- DESCRIPTION OF THE TASK -
Pictures aside, reproduce exactly and only the lines below, starting at the one containing "القرار الثامن لمجمع" and ending at the last line.

[INPUT MATERIAL]

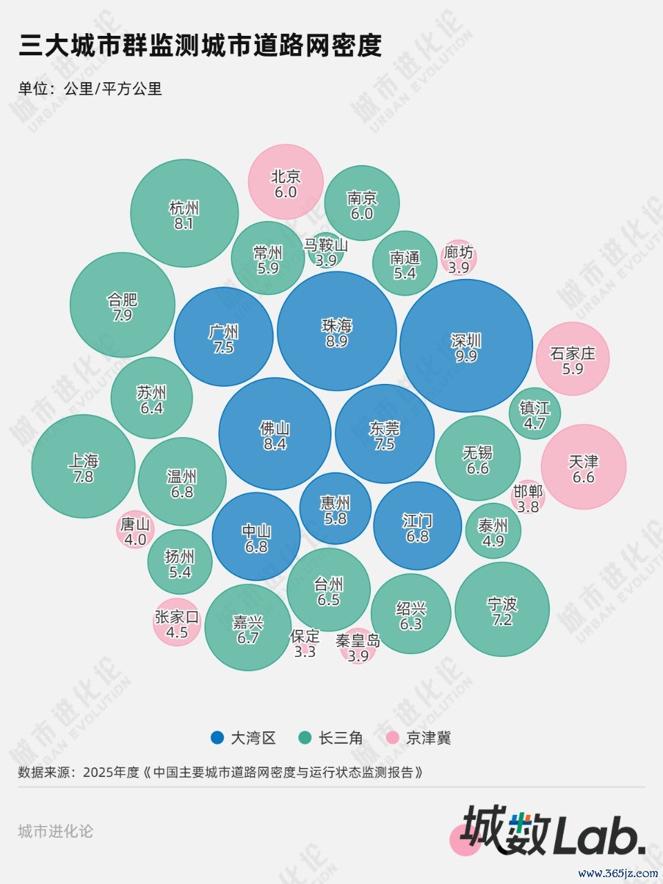 2024年道路网密度增长最多的城市中,杭州、合肥、上海、武汉分别提高0.3km/km²,郑州、长沙、南京、长春则分别提高0.2km/km²。这里面,有一半城市来自长三角。从三大城市群监测数据看,长三角城市同样几乎包揽2024年密度增长“第一方阵”。
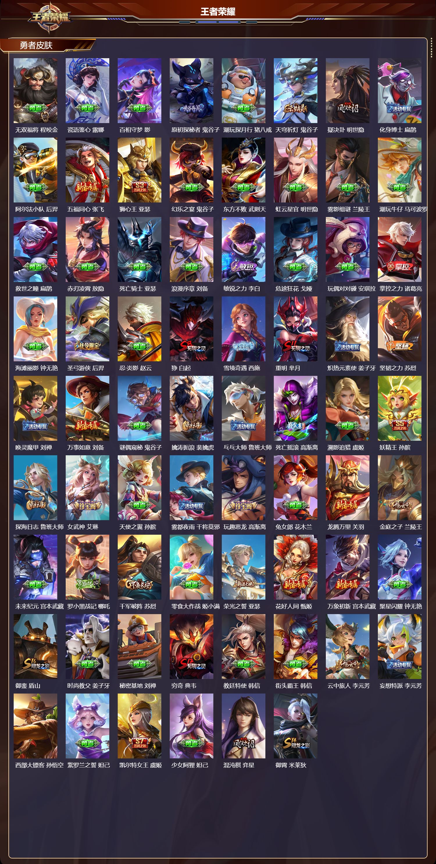 【153,勇者皮肤】时空谍影,海诺,圆桌骑士,盾山,烛龙,曹操,爱心护理,阿轲,太极少年,赵怀真,沙漠行僧,达摩,大漠名商,沈梦溪,缤纷绘卷,张良,纽约教父,刘备,拳王,达摩,大发明家,达摩,龙舞盛年,沈梦溪,丁香结,小乔,功夫炙烤,廉颇,铁甲之心,典韦,沉稳之力,孙尚香,爱与正义,程咬金,海盐诗旅,桑启,幻泉雾影,海月,朔风刀,夏侯惇,醍醐杖,老夫子,归虚梦演,孙膑,汉昭烈帝,刘备,热血海滩,哪吒,白色死神,白起,黑桃队长,鲁班七号,黄金武士,典韦,御旌,牛魔,阴阳师,狄仁杰,炼金王,扁鹊,致命风华,阿轲,次元突破,哪吒,古海寻踪,张良,功夫老勺,老夫子,鲨炮海盗猫,沈梦溪,海滩派对,项羽,完美运算,后羿,万华元夜,狄仁杰,克喵,鬼谷子,制霸全明星,牛魔,踏浪烽翎,莱西奥,演武夺筹,程咬金,蜃楼王,庄周,野性能量,吕布,哥特玫瑰,露娜,守护之力,大乔,无双福将,程咬金,瓷语鉴心,露娜,百相守梦,影,原初探秘者,鬼谷子,潮玩探月行,猪八戒,天穹祈灯,鬼谷子,疑决卦,明世隐,化身博士,扁鹊,阿尔法小队,后羿,五福同心,张飞,狮心王,亚瑟,幻乐之宴,鬼谷子,东方不败,武则天,虹云星官,明世隐,雾影缉谜,兰陵王,潮玩牛仔,马可波罗,救世之瞳,扁鹊,赤刃凌霄,敖隐,死亡骑士,亚瑟,浪漫序章,刘备,敏锐之力,李白,危途狂花,戈娅,玩偶对对碰,安琪拉,掌控之力,诸葛亮,海滩丽影,钟无艳,圣弓游侠,后羿,忍·炎影,赵云,狰,白起,雪境奇遇,西施,重明,芈月,炽热元素使,姜子牙,坚韧之力,苏烈,唤灵魔甲,刘禅,万事如意,刘备,谜偶窥秘,鬼谷子,擒涛扼浪,裴擒虎,乓乓大师,鲁班大师,死亡摇滚,高渐离,溯影追猎,虞姬,妖精王,孙膑,探海日志,鲁班大师,女武神,艾琳,天使之翼,孙膑,雾都夜雨,干将莫邪,玩趣恶龙,高渐离,兔女郎,花木兰,龙腾万里,关羽,金庭之子,兰陵王,未来纪元,宫本武藏,罗小黑战记,哪吒,千军破阵,苏烈,零食大作战,姬小满,荣光之誓,亚瑟,花好人间,甄姬,万象初新,宫本武藏,聚星闪耀,钟无艳,御銮,盾山,时尚教父,姜子牙,秘密基地,刘禅,穷奇,典韦,教廷特使,韩信,街头霸王,韩信,云中旅人,李元芳,妄想特派,李元芳,西部大镖客,孙悟空,紫罗兰之誓,妲己,凯尔特女王,虞姬,少女阿狸,妲己,混沌棋,弈星,御霄,米莱狄,蔚蓝守将,蒙恬,布丁狗之约,阿古朵,暖冬·兔眠,嫦娥,命运加冕,露娜,小满鸭,姬小满,幻想奇妙夜,王昭君,灵野札记,张良,驱傩正仪,钟馗,命运角斗场,狂铁,死霸装,白起,特工战影,狂铁,虚灵犬护,钟馗,御狮,狂铁,班班快跑,鲁班七号,白执事,赵云,饕餮,太乙真人,华丽摇滚,太乙真人,劲辣红锅,太乙真人,罗小黑战记,张良,剑破天穹,刘邦,铁骨偃魂,典韦,熔金海岸,周瑜,苍林狼骑,苍,天穹之誓,姜子牙,魅影绮裳,影,星梦巡礼,姜子牙,谧流熔炉,太乙真人,鹤鸣心笺,艾琳,锦麟游梦,庄周,云械蓝图,云中君,逆浪荇歌,甄姬,线条小狗,周瑜,线条小狗,桑启,噬灭天穹,东皇太一,敬我三分,盘古,玫蓝誓约,戈娅,景韶洛都,明世隐,
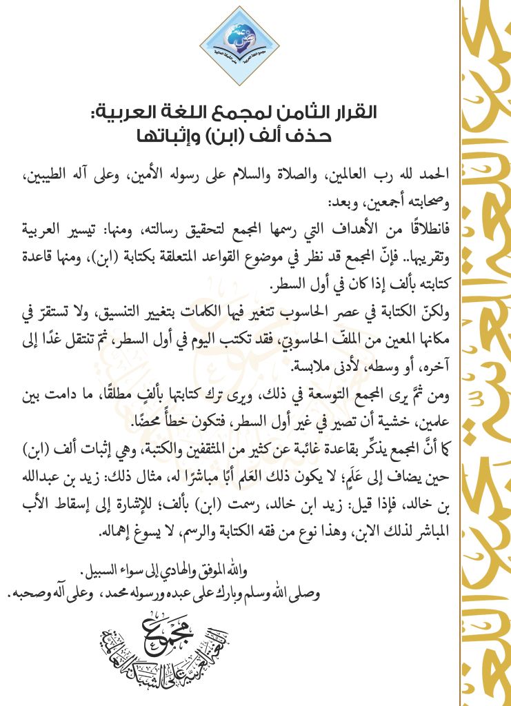 القرار الثامن لمجمع اللغة العربية بمكة المكرمة: حذف ألف ابن وإثباتها
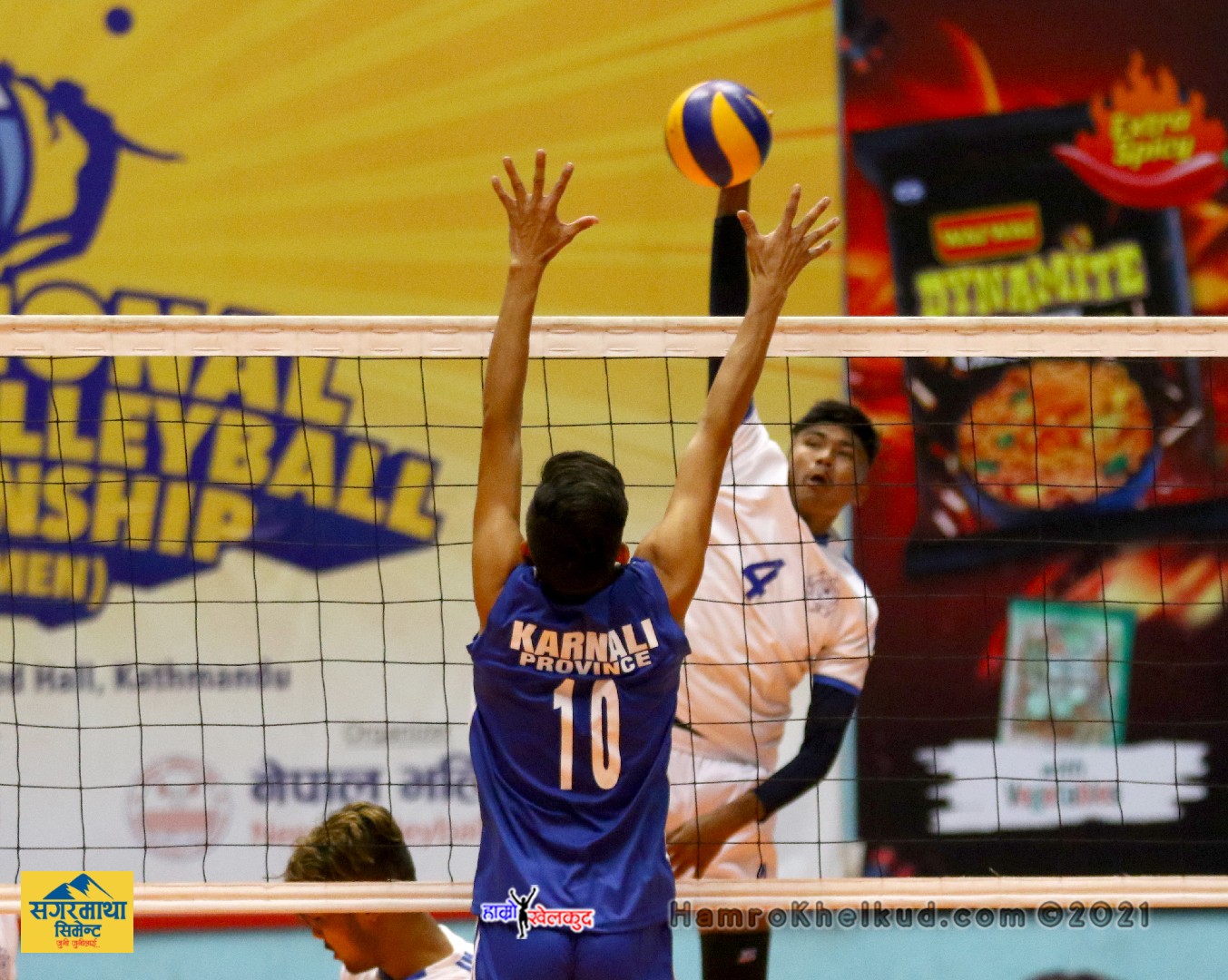 त्रिपुरेश्वरस्थित राष्ट्रिय खेलकुद परिषद् (राखेप) को कभर्डहलमा सोमबार भएको खेलमा नयाँ बजारले कर्णली प्रदेशमाथि सहज जित निकाल्दै एक खेल बाँकी छदै अन्तिम आठको यात्रा तय गरेको हो । पहिलो सेटमा २५–१८ को जित निकालेको नयाँ बजारले त्यसपछिको दुई सेट २५–१९ र २५–२१ ले जित्न सफल भयो । नयाँ बजारको जितले आर्मी पनि एक खेल बाँकी छदै क्वाटरफाइनलमा पुग्न सफल भयो । अब आर्मी र नयाँ बजारबीच समूह विजेताको लागि प्रतिस्पर्धा हुनेछ । लगातार दोस्रो हारसँगै कर्णाली प्रदेश च्याम्पियनसिपबाट बाहिरिएको छ ।
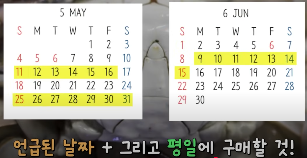 꽃게를 살 때는 시기와 조건을 잘 맞추는 것이 중요합니다. 보통 주말보다는 평일이 가격이 낮습니다. 또 하나 중요한 포인트는 바로 물때인데요. 꽃게는 사리물때 조업량이 많습니다. 조수간만의 차가 커서 꽃게 이동이 활발해지고, 그물에 더 많이 걸리기 때문이죠. 달력을 보고 보름달이나 그믐달 무렵, 즉 사리물때를 노리면 물량이 많아 가격도 조금 내려갑니다.
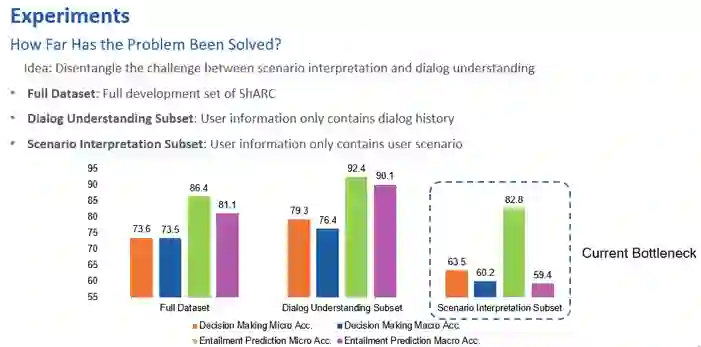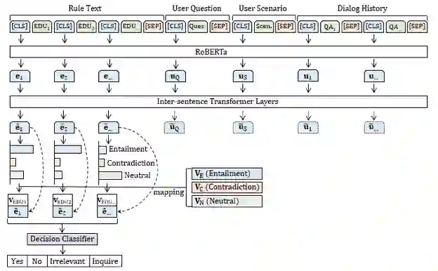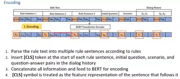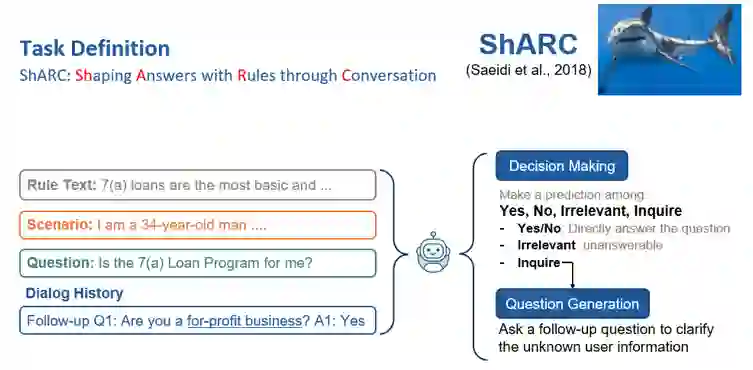 图1定义该项任务常用的数据集是ShARC (shaping answers with rules through conversation 的简称),数据集的设定是:给定Rule Text;用户描述自己的Scenario(Background);用户提出question;已有的问答(Dialog History)。整个过程可以概述为,由于用户给定的background往往不明确,机器需要进行几轮交互,然后从交互中获取一些跟规则有关的信息,然后告诉用户具体答案。整个任务有两个子任务:任务一,整合Rule Text,Scenario,Question以及通过几轮交互从用户获取的信息,作为模型输入,然后做出决策(Decision Making)。该决策包含四种类型:一种是根据现有的信息能够作出yes or no 的决策;或者有些情况下,用户的问题可能与给定Rule Text无关,或根据Rule Text并不能解决问题,则会出现unanswerable的答案;另一种情况是Rule Text中需要满足很多条件,但有些条件机器不确定是否满足,需要作出inquire的决策,主动从用户那里获取更多信息,直至几轮交互后能够作出yes or no的决策。任务二,如果生成的决策是inquire,则需要机器问一个follow-up question,该问题能根据Rule Text引导用户提供一些没有提供的信息,便于进一步的决策。

[/INPUT MATERIAL]

- ANSWER AREA -
 القرار الثامن لمجمع اللغة العربية بمكة المكرمة: حذف ألف ابن وإثباتها
 त्रिपुरेश्वरस्थित राष्ट्रिय खेलकुद परिषद् (राखेप) को कभर्डहलमा सोमबार भएको खेलमा नयाँ बजारले कर्णली प्रदेशमाथि सहज जित निकाल्दै एक खेल बाँकी छदै अन्तिम आठको यात्रा तय गरेको हो । पहिलो सेटमा २५–१८ को जित निकालेको नयाँ बजारले त्यसपछिको दुई सेट २५–१९ र २५–२१ ले जित्न सफल भयो । नयाँ बजारको जितले आर्मी पनि एक खेल बाँकी छदै क्वाटरफाइनलमा पुग्न सफल भयो । अब आर्मी र नयाँ बजारबीच समूह विजेताको लागि प्रतिस्पर्धा हुनेछ । लगातार दोस्रो हारसँगै कर्णाली प्रदेश च्याम्पियनसिपबाट बाहिरिएको छ ।
 꽃게를 살 때는 시기와 조건을 잘 맞추는 것이 중요합니다. 보통 주말보다는 평일이 가격이 낮습니다. 또 하나 중요한 포인트는 바로 물때인데요. 꽃게는 사리물때 조업량이 많습니다. 조수간만의 차가 커서 꽃게 이동이 활발해지고, 그물에 더 많이 걸리기 때문이죠. 달력을 보고 보름달이나 그믐달 무렵, 즉 사리물때를 노리면 물량이 많아 가격도 조금 내려갑니다.
 图1定义该项任务常用的数据集是ShARC (shaping answers with rules through conversation 的简称),数据集的设定是:给定Rule Text;用户描述自己的Scenario(Background);用户提出question;已有的问答(Dialog History)。整个过程可以概述为,由于用户给定的background往往不明确,机器需要进行几轮交互,然后从交互中获取一些跟规则有关的信息,然后告诉用户具体答案。整个任务有两个子任务:任务一,整合Rule Text,Scenario,Question以及通过几轮交互从用户获取的信息,作为模型输入,然后做出决策(Decision Making)。该决策包含四种类型:一种是根据现有的信息能够作出yes or no 的决策;或者有些情况下,用户的问题可能与给定Rule Text无关,或根据Rule Text并不能解决问题,则会出现unanswerable的答案;另一种情况是Rule Text中需要满足很多条件,但有些条件机器不确定是否满足,需要作出inquire的决策,主动从用户那里获取更多信息,直至几轮交互后能够作出yes or no的决策。任务二,如果生成的决策是inquire,则需要机器问一个follow-up question,该问题能根据Rule Text引导用户提供一些没有提供的信息,便于进一步的决策。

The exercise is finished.